Task goal - Retype the following data exactly, but leave its pictures out.

Stored data -
Content starts

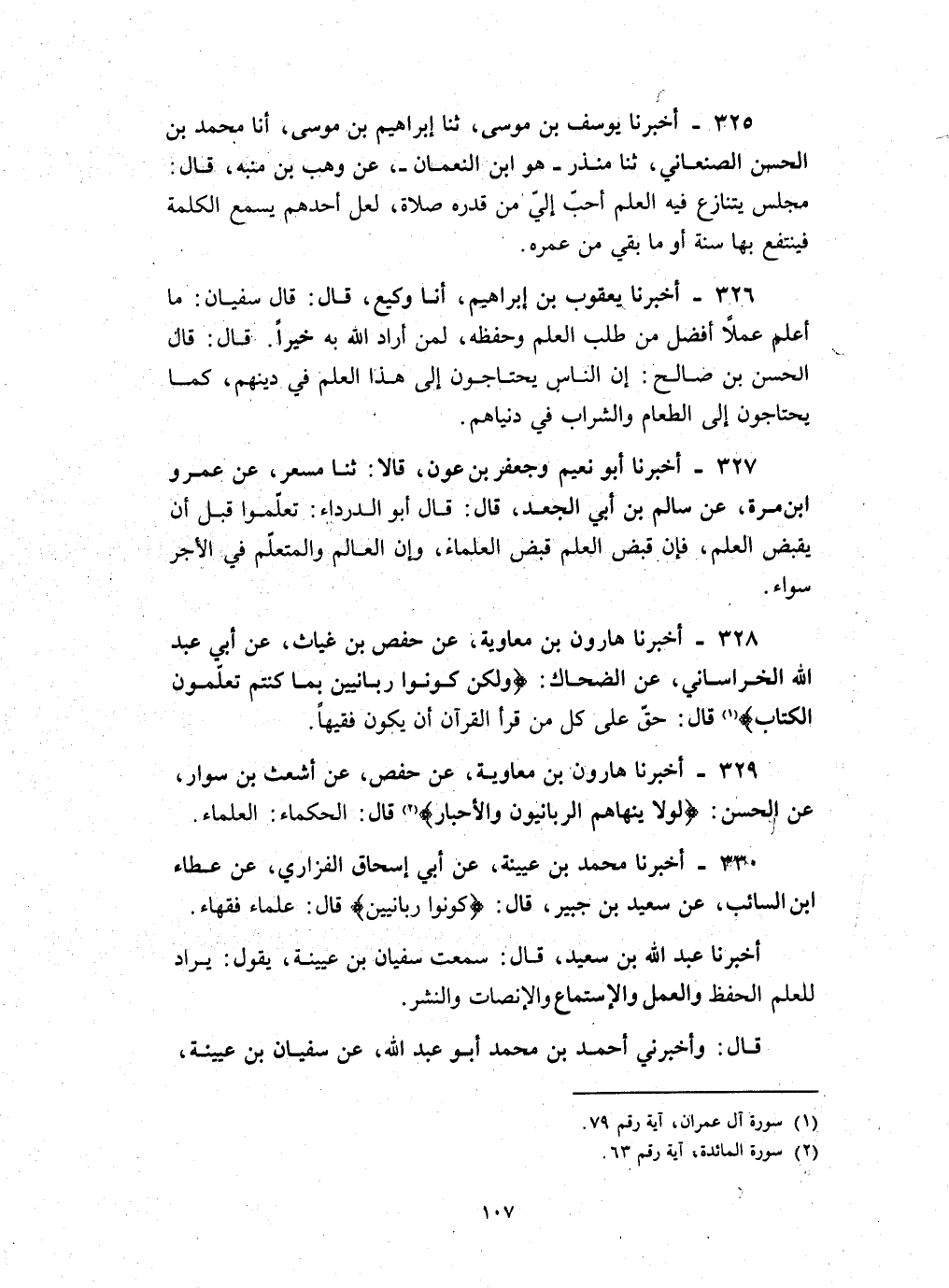 330 - أخبرنا محمد بن عيينة عن أبي إسحاق الفزاري عن عطاء بن السائب عن سعيد بن جبير قال : كونوا ربانيين قال علماء فقهاء أخبرنا عبد الله بن سعيد قال سمعت سفيان بن عيينة يقول يراد للعلم الحفظ والعمل والاستماع والإنصات والنشر قال وأخبرني أحمد بن محمد أبو عبد الله عن سفيان بن عيينة قال أجهل الناس من ترك ما يعلم واعلم الناس من عمل بما يعلم وأفضل الناس أخشعهم لله
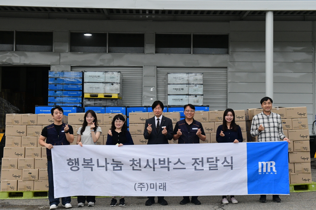 손욱헌 ㈜미래 대표는 “추석을 앞두고 소외된 이웃들이 풍성한 명절을 보낼 수 있기를 바라는 마음으로 직원들과 함께 정성을 모았다.”라며, “앞으로도 꾸준한 봉사와 나눔을 통해 사회적 책임을 다하고 지역 복지 발전에 이바지할 수 있도록 노력하겠다.”라고 말했다.
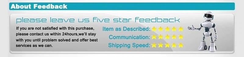 * Nós forneceremos feedback positivo assim que o pagamento for recebido. Para promover uma comunidade saudável ali, esperamos que você faça o mesmo por nós. Queremos que você entenda que valorizamos muito o serviço ao cliente. Se você tiver qualquer insatisfação, por favor nos dê a oportunidade de resolver o problema antes de nos deixar um feedback negativo. Temos certeza de que há sempre uma solução e com certeza não queremos que um feedback ruim seja onde a transação termina.

Content ends

Result below -
 330 - أخبرنا محمد بن عيينة عن أبي إسحاق الفزاري عن عطاء بن السائب عن سعيد بن جبير قال : كونوا ربانيين قال علماء فقهاء أخبرنا عبد الله بن سعيد قال سمعت سفيان بن عيينة يقول يراد للعلم الحفظ والعمل والاستماع والإنصات والنشر قال وأخبرني أحمد بن محمد أبو عبد الله عن سفيان بن عيينة قال أجهل الناس من ترك ما يعلم واعلم الناس من عمل بما يعلم وأفضل الناس أخشعهم لله
 손욱헌 ㈜미래 대표는 “추석을 앞두고 소외된 이웃들이 풍성한 명절을 보낼 수 있기를 바라는 마음으로 직원들과 함께 정성을 모았다.”라며, “앞으로도 꾸준한 봉사와 나눔을 통해 사회적 책임을 다하고 지역 복지 발전에 이바지할 수 있도록 노력하겠다.”라고 말했다.
 * Nós forneceremos feedback positivo assim que o pagamento for recebido. Para promover uma comunidade saudável ali, esperamos que você faça o mesmo por nós. Queremos que você entenda que valorizamos muito o serviço ao cliente. Se você tiver qualquer insatisfação, por favor nos dê a oportunidade de resolver o problema antes de nos deixar um feedback negativo. Temos certeza de que há sempre uma solução e com certeza não queremos que um feedback ruim seja onde a transação termina.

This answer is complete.